Song by Cannibal Corpse

from the album The Bleeding
- Released: 1994
- Studio: Morrisound Recording
- Genre: Death metal
- Length: 3:30
- Label: Metal Blade Records
- Composer: Cannibal Corpse
- Lyricist: Chris Barnes
- Producer: Scott Burns

= Staring Through the Eyes of the Dead =

"Staring Through the Eyes of the Dead" is a song by American death metal band Cannibal Corpse, released in 1994 as the opening track from their fourth studio album The Bleeding. It is considered one of the band's classic tracks, and is a staple of their live sets.

== Composition and lyrics ==
The song is considered to be more mature and structured than the songs on Tomb of the Mutilated. Greg Pratt of Decibel said the song "established that this album was going to be just as brutal as the band’s first three but that something is different: there’s a bit of breathing room, there’s a touch of maturity (the good kind), there’s a sense of... song. Song? Song!" The song's bridge features a prominent bass guitar groove.

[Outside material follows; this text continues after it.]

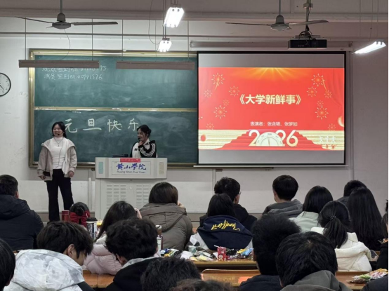 12月28日晚上,化学化工学院25功能材料班在5106教室举办以“欢度新春,金马贺岁”为主题的元旦晚会。本次晚会由辅导员田子豪牵头组织,团委老师陈伟龙、教研室主任黄飞、班主任高超与王瑞老师等受邀出席,25功能材料班全体同学齐聚一堂,其他年级学生也到场助力,晚会由张小颖、张含珺主持。

Loudwire said the song is about "being a guy who’s alive but everybody thinks is dead. Like Abe Vigoda!"

== Music video ==
A music video was produced for the song, which was the first in the band's career. The video aired on MTV several times. The video was featured in an episode of Beavis and Butt-Head, where one of the protagonists gives the commentary: "If these guys practiced their instruments as much as they practiced shaking their hair around, they'd be, like, pretty good, probably."